Another point to consider is the feasibility of adding CBTp to TAU in practice. For instance, when a major reason for the lack of available treatment is a lack of available practitioners, then providing additional CBTp may come with the cost of reducing other beneficial treatments [64]. Such real-world implications are not captured by the model and are beyond the scope of the current study. Enhancing indication practices may be a key aspect of the solution, as findings indicate that CBTp is not cost-effective for a portion of patients, and other findings support the notion that CBTp is not effective for everyone [65–67].
The current study shows the potential of more widespread use of CBTp and hence indicates it might be worthwhile to indeed ensure better availability of practitioners to offer CBTp to those who need it. Since the effectiveness of CBTp varies between patients, perhaps the cost-effectiveness could be further improved by applying a more personalized approach, considering evidence summarized by Newman-Taylor and Bentall hints that relatively small effect sizes mask heterogeneity of treatment outcomes [56].
Moreover, various cost and health differences were not considered in the simulation study. After considering potential societal cost savings such as reduced informal care, and other positive health benefits such as improved functioning or symptoms [68], the treatment could be found to be even more cost-effective relative to our analysis, where we merely consider the potential effect on rehospitalisation. Although psychosocial interventions such as CBTp could sometimes have harmful effects [69], there is a lack of direct evidence that CBTp leads to a significant increase of severe adverse events [38, 70], hence our assumption to omit modelling of such adverse events.

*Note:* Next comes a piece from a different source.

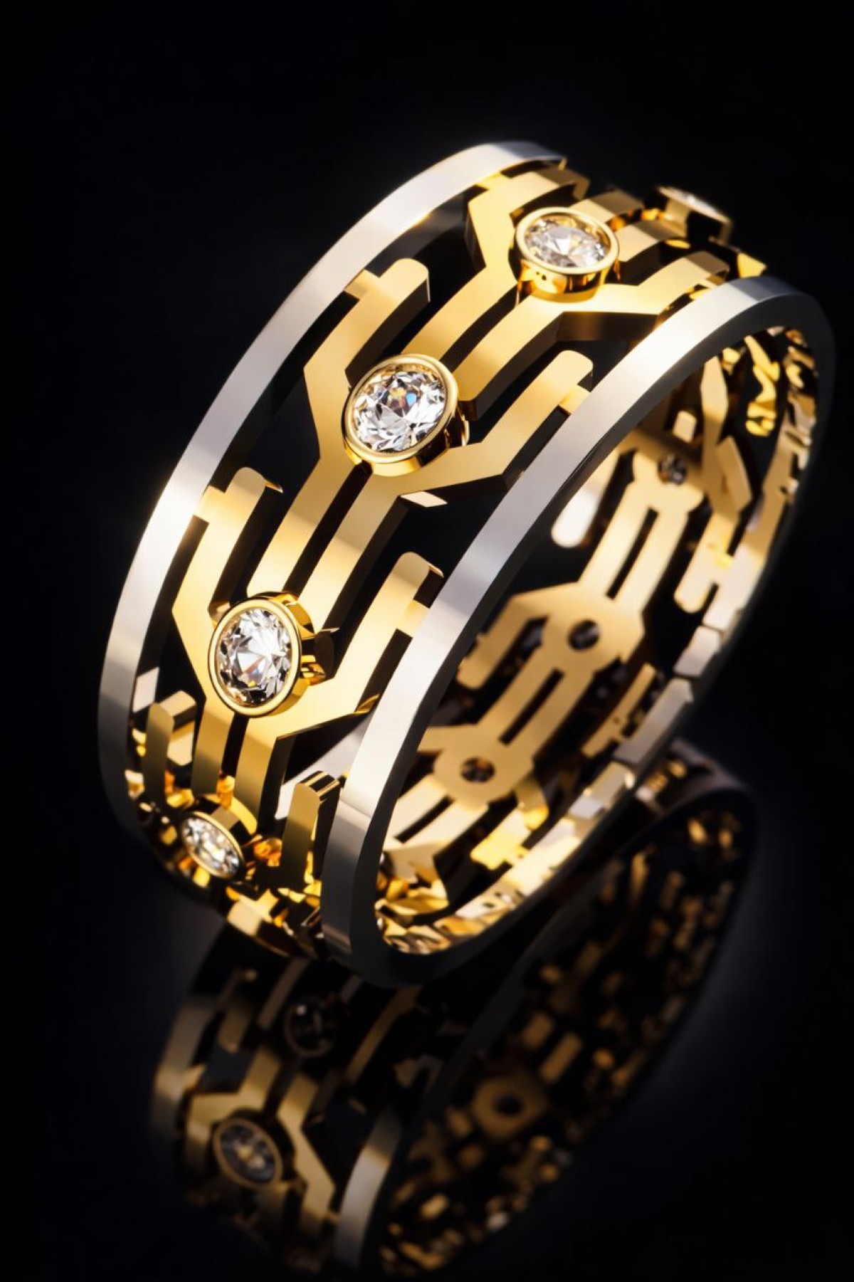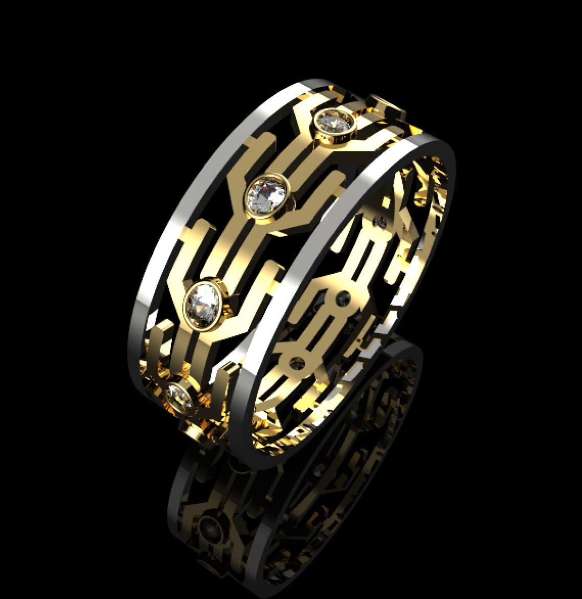 This elegant two-tone ring features a modern geometric openwork design crafted in polished yellow gold and contrasting white gold edges. The band is adorned with round brilliant-cut stones set in secure bezel settings, creating a refined balance between contemporary structure and timeless sparkle.
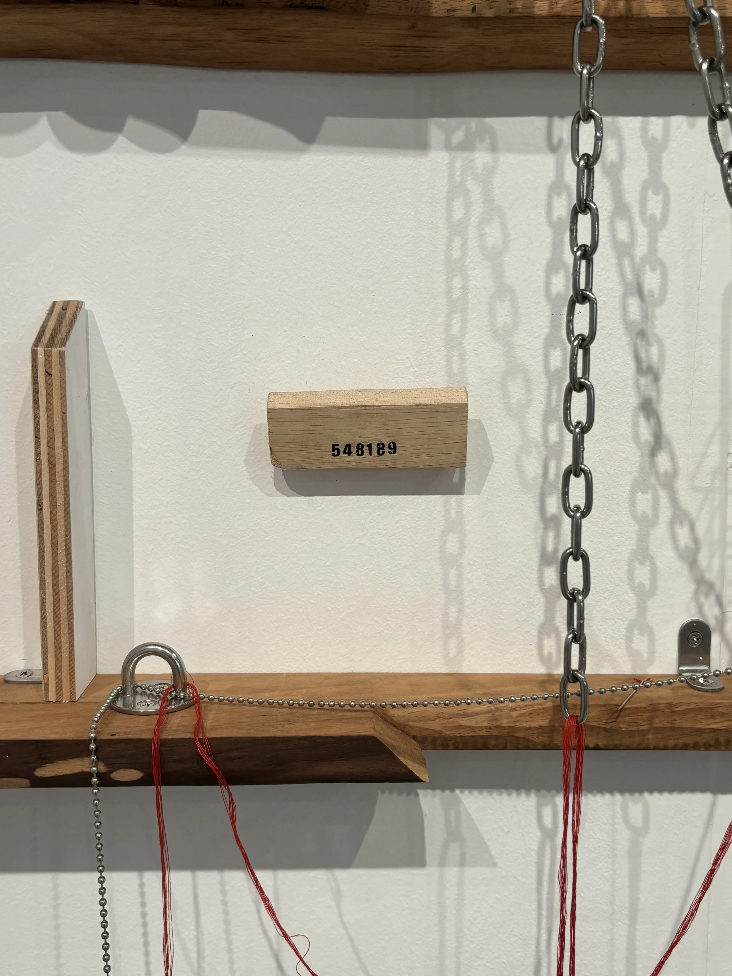 Teak, reclaimed wood, compressed wood, hinges, chains, metal beads, red threads, metal rod, alloy wave plate, old window frame, bamboo rod, metal door stopper.

In conclusion, CBTp is likely a cost-effective treatment, with a 61.2% probability of being cost-effective at a WTP of 50.000 euros per QALY and using conservative assumptions about the health benefits of CBTp. These findings show the importance of sufficient availability of CBTp for SSD patients. Proper implementation of and guideline adherence for CBTp could lead to substantial health gains and cost savings for the SSD population in the Netherlands. Further clinical investigation of QoL effects and, in particular, the effect on risk of relapse or rehospitalisation would be required to reinforce these findings.